Apart from the failing integration test there are a number of tests that fail with basic Unicode support:
https://github.com/jmcnamara/rust_xlsxwriter/blob/main/src/utility/tests.rs#L175-L181
So any sheet name in non-English/ASCII will end up being quoted unnecessarily. This is generally a safe failure since Excel will accept an erroneously quoted sheet name in place of an optimally quoted sheetname. However, there may be cases where this causes an Excel read/load error.
So I would need to enable the regex-lite feature with a number of warnings/caveats that would confuse the average end user.

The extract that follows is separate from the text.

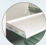
Teleskop-Fachboden Telescopic shelves to pull out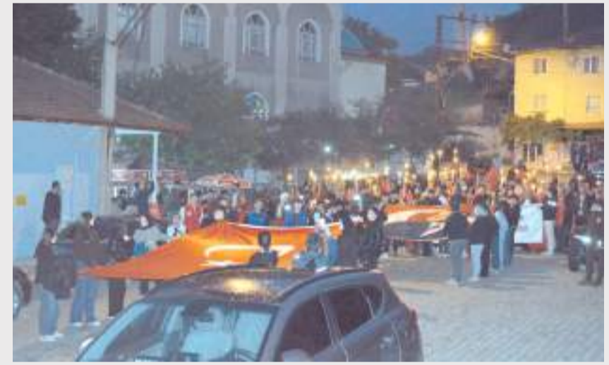
Yürüyüşe katılım yüksek oldu.

It also adds a fair amount of fragility and paints me into a corner when adding other regexes in the future. So, overall and from a maintenance point of view I feel that this isn't worth the effort. I hope you can accept that.

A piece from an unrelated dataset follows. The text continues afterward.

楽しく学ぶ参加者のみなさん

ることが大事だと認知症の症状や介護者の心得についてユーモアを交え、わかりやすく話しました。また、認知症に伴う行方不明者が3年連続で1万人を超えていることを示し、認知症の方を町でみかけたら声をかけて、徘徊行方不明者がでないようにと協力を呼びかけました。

I'll leave this open to see if other people add +1s for the use case and I may add it at some stage with a "Developer Beware" warning.

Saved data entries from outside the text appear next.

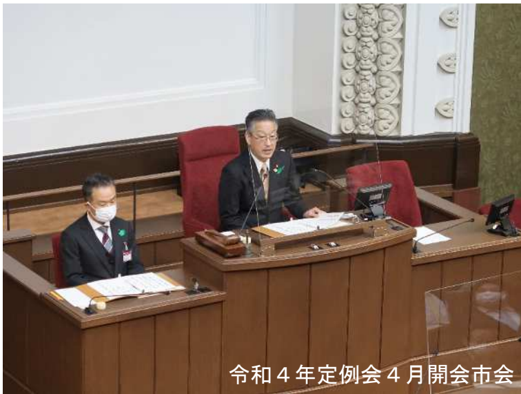
令和4年定例会 4月開会市会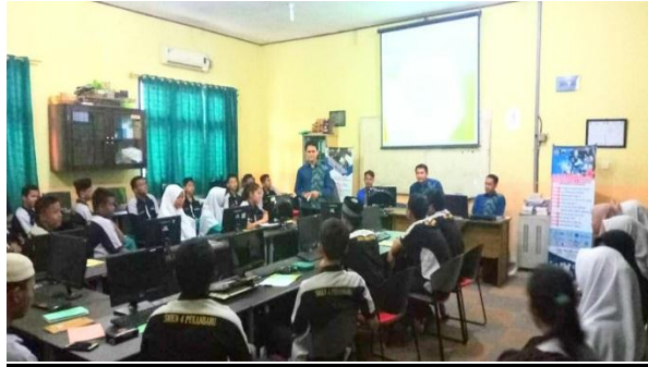
Gambar 1. Penyampaian Materi.

dan memaksimalkan potensi e-commerce. Dengan adanya pelatihan ini kami siswa-siswi dapat lebih mengeksplorasi lagi kemampuannya sehingga dapat memberikan manfaat bagi sekolah dalam memasarkan produk kreatifnya serta manfaat bagi masing-masing siswa untuk menerapkan e commerce dalam berbagai bentuk usaha online.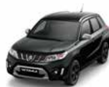
Cosmic Black Pearl Metallic (ZCE)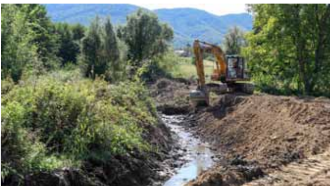
Radovi na potoku Vuglovčak

ju velik broj članova. U Stažnjercu se održavaju i popularni Dani glume koje „nosi“ Glumačka družina Komedijaši. Novouređeni prostori

@Degubi, in case this discussion comes up again in the future could you add some example size differences between the Regex and Regex-Lite versions, as a reference. Thanks.
Sure thing @jmcnamara ! Will do later today. Thank you for taking a look!
@jmcnamara Here are some of my results:
| Windows | Linux | ||||||||||||||||||
|---|---|---|---|---|---|---|---|---|---|---|---|---|---|---|---|---|---|---|---|
|
|
Code: https://github.com/jmcnamara/rust_xlsxwriter?tab=readme-ov-file#example
Cargo.toml:
[package]
name = "excel-size-diff"
version = "1.0.0"
edition = "2021"
[dependencies]
# rust_xlsxwriter = { git = "https://github.com/Degubi/rust_xlsxwriter.git", branch = "feature-regex-lite", default-features = false, features = [ "regex" ] }
rust_xlsxwriter = { git = "https://github.com/Degubi/rust_xlsxwriter.git", branch = "feature-regex-lite", default-features = false, features = [ "regex-lite" ] }
[profile.release]
strip = "symbols"
lto = true
codegen-units = 1
@Degubi In case you miss it, we are currently working to remove regex altogether and we making some progress: #108.
Looking at the conversation in #108 and the work done on the #no_regex branch I'm gonna assume that this PR can be closed. Thank you for your great work!